Moreover, even in historical revolutionary contexts, revolution has never been a panacea. Problems and injustices still have to be struggled against. “The revolution” is a moment, certainly an important one, but in an ongoing political struggle with no end point. Most of the moments in that struggle are far less spectacular than the moment of dramatic upheaval. In The Cultural Contradictions of Capitalism, sociologist Daniel Bell describes how “the real problems arise the ‘day after the revolution,’ when the mundane world again intrudes upon consciousness.” Bell argues that “Our fascination with the apocalypse blinds us to the mundane: the relations of exchange, economic and social; the character of work and occupations; the nature of family life; and the traditional modes of conduct which regulate everyday life.” Social change is “much slower, and the processes more complex than the dramaturgic mode of the apocalyptic vision, religious or revolutionary, would have us believe.”

If we project a totalizing imaginary-future moment onto our own situation, we may also fixate on present-day moments that seem to carry the essence of our ideas about such an imagined “revolution.” We may elevate ritualistic signifiers of revolutionary zeal above winning real-world victories and above the patient construction of social bases of collective power that could win bigger, more systemic — we might even say revolutionary — changes.

Revolution as apocalypse or as a totalizing moment is highly related to utopianism. The practical implications of the two concepts are equivalent. With both orientations a post-revolutionary, utopian vision of the future can become the distorted lens through which to view the messy present. Nothing in present society, including stepping-stone victories, can measure up to utopian standards. It is as if the revolutionary or utopian “dreamer” is afraid of contaminating the purity of his or her vision with the grit of real life. In reality, the seeds of society’s “redemption” — the fits and starts of social justice struggles — are always manifest in the fabric of what already exists in society.
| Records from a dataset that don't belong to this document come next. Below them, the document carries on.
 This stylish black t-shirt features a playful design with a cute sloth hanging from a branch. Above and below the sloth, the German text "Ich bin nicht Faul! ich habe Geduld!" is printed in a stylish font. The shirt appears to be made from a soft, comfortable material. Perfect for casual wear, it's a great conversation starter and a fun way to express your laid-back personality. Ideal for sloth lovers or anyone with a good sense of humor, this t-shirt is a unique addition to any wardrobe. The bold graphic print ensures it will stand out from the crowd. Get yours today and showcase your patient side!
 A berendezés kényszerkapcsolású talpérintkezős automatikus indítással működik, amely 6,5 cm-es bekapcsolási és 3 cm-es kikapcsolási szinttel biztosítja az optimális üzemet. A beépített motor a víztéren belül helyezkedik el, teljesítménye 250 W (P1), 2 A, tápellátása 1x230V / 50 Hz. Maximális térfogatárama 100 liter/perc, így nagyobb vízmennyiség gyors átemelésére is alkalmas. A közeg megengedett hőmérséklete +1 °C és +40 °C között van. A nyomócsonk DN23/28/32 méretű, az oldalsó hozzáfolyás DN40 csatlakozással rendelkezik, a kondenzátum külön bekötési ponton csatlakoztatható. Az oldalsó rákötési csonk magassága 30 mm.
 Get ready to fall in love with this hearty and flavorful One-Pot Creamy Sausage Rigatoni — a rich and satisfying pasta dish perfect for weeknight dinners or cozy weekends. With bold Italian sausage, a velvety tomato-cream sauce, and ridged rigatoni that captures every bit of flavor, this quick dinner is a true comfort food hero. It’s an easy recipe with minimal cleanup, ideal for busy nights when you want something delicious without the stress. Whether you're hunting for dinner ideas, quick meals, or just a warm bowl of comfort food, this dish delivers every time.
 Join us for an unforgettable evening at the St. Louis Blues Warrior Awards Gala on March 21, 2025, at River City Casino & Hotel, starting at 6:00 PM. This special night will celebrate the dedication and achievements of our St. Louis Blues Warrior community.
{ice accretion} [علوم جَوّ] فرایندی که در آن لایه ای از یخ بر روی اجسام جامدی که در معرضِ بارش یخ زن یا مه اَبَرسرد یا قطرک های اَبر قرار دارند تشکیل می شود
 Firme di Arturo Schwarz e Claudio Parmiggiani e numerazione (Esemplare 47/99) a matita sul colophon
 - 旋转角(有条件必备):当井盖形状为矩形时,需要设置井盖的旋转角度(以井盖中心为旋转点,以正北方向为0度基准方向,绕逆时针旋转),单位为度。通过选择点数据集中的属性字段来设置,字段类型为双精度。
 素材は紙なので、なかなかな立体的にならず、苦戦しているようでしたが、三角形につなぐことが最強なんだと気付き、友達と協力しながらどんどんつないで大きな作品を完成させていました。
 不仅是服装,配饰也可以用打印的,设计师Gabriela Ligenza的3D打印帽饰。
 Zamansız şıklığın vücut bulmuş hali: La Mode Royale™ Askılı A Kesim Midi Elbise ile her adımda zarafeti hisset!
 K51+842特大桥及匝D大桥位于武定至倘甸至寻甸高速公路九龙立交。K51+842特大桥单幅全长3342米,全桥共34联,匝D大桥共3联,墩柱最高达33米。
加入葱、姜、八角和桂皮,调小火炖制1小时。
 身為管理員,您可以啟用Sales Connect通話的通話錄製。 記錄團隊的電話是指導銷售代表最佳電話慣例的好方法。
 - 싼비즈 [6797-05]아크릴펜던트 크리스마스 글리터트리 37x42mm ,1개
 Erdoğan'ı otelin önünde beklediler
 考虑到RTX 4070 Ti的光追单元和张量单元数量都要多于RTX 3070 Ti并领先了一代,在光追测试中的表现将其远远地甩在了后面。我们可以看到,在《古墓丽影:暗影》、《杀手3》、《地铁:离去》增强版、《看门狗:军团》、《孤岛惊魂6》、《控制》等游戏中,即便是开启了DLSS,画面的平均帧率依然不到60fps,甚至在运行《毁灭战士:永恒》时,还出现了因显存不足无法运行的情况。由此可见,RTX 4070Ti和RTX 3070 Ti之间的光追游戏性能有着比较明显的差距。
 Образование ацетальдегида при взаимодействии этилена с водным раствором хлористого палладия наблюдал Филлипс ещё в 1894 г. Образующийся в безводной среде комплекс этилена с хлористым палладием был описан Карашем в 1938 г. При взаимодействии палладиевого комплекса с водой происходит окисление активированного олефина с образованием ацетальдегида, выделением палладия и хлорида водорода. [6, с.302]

The job of effective change agents is to identify and encourage these fits and starts; to awaken and empower the “better angels” that we find in our histories and our contemporary cultures; to claim and contest both history and culture, rather than try to build from scratch in the ashes of an imaginary-future apocalypse.

This is not at all to suggest that we give up on big structural changes — even including ultimately ending capitalism.

To the extent that “revolutionary” means “big structural changes” I am all for being revolutionary.

The problem here is not the radicalness of our end goal; the problem is all-or-nothing apocalyptic thinking about political change in the meantime. If the structures of society were to collapse tomorrow, why would society reconstruct itself in a way that substantially differs from its present structure? A revolutionary social justice movement will not magically ascend in the wake of catastrophe.

A movement gains strength by organizing over time, by showing more and more people that it can succeed. By winning small victories, it begins to overcome popular resignation, awakening hope in people that it is possible to fight for something and win — that collective action “gets the goods.” If a movement is incapable of winning even small things, why should anyone believe it capable of winning a revolution — of accelerating “from zero to sixty” in a mere moment? Most people are not going to join our movement because they want to ride with us into the apocalypse; they join when they have enough reason to believe that the movement can act effectively as a vehicle to bring about changes that matter to them. It’s on us to show that this is indeed possible.